The film tells the tale of seventeen year-old Elio on his path to self-discovery and exploration of his sexuality. During the summer, Elio’s father recruits a young man named Oliver to help him with his research regarding archeological discoveries of Greek sculptures. As they both stay in the same household, the two men seem to develop a fondness for each other, struggling with notions of self-doubt, self-exploration, and social expectations.

UPRM’s very own film association, Cinémathéque, coordinated a showing of the movie in effort to expand film appreciation around campus, as well as getting students ready for the Oscars. The award ceremony will take place this Sunday, March 4th. Cinémathéque’s event, “Road to The Oscars,”  presented a new film each night during the last week of February. All of these films presented had been nominated for “Best Picture”.

For the particular showing of Call Me by Your Name, Cinémathéque partnered with SpectRUM (UPRM’s LGBT+ association) in an effort to expand their audience and create awareness of the LGBT+ community on campus. It was clearly a move that paid off, seeing how the event had to be moved to a bigger venue due to the fact that over eighty people came to see the film; all of which can certainly attest that the movie presented was an emotional rollercoaster. The “AWs” and gasps were constantly heard over the two hours of the movie’s run time, displaying how the ups and downs touched people’s hearts.

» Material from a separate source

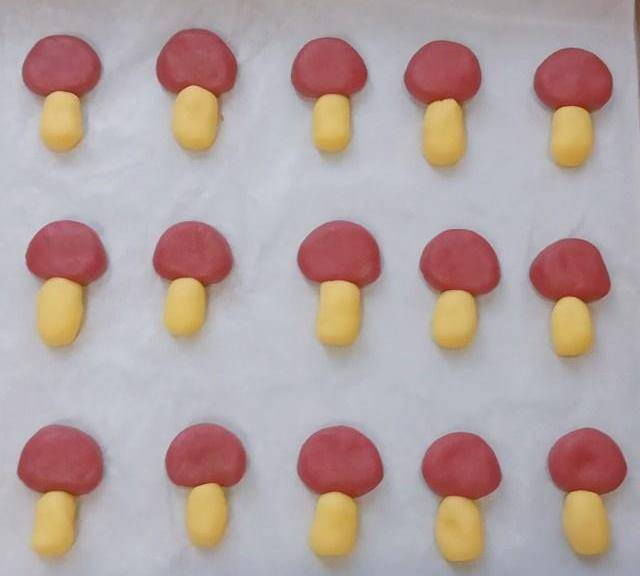 第11步、用最後的那個小面團揉成小圓點點放在蘑菇頭上,最後用大拇指壓扁。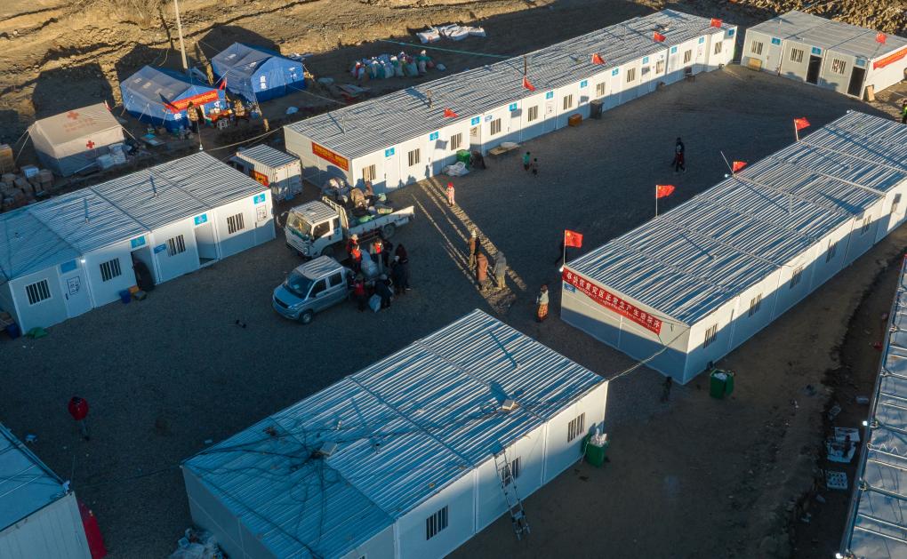 1月13日,在日喀則市定日縣長所鄉(xiāng)古榮村,受災群眾正在搬進板房。新華社記者 丁增尼達 攝

(picture taken by Cinémathéque’s historian, Camille Morales)


Call Me by Your Name is an exceptional film in many aspects, most of which had a lot to do with the sensibility and relatable aspect it offered. Elio, aged seventeen, had just recently begun to explore his sexuality and the limits it presented. His confusion was shown as he dated a girl, who seemed to have already been a close friend, and later as he confessed to Oliver that he felt attraction towards him. Both men engaged in a rather complex and hidden relationship, where they rarely met, and only in places where they couldn’t be seen. It appeared that Oliver constantly felt guilty for his attraction towards Elio, which lead to avoidance and various conversations about the possible consequences of anyone finding out. Later on in the film, Elio and Oliver fall in love with each other, but are unable to maintain the relationship. In the end, Elio’s parents knew of the relationship and took on the role of supporting their son and acknowledging that love is love, regardless of gender.


(still of Call Me by Your Name, presenting Elio’s father)


Overall, the film expands on the topics of self-exploration and encourages to experiment and find yourself. It transcends social taboos and isn’t afraid to touch on subjects such as past traumas and possible fears related to same-sex attraction/relationships. Elio is forced to experience the pain of that, which is not everlasting, and forced to face a continuously changing reality. Oliver is given the chance to experience a new kind of love in a new kind of relationship, inciting him to a sense of self-exploration and make a choice based on what he finds. Quite certainly, it is a pleasure to see LGBT+ representation in film, especially when it’s humanized. To anyone who has had the pleasure of witnessing such a well-conducted film, it is obvious why it’s among the best movies of 2017 and why it was nominated for “Best Picture.”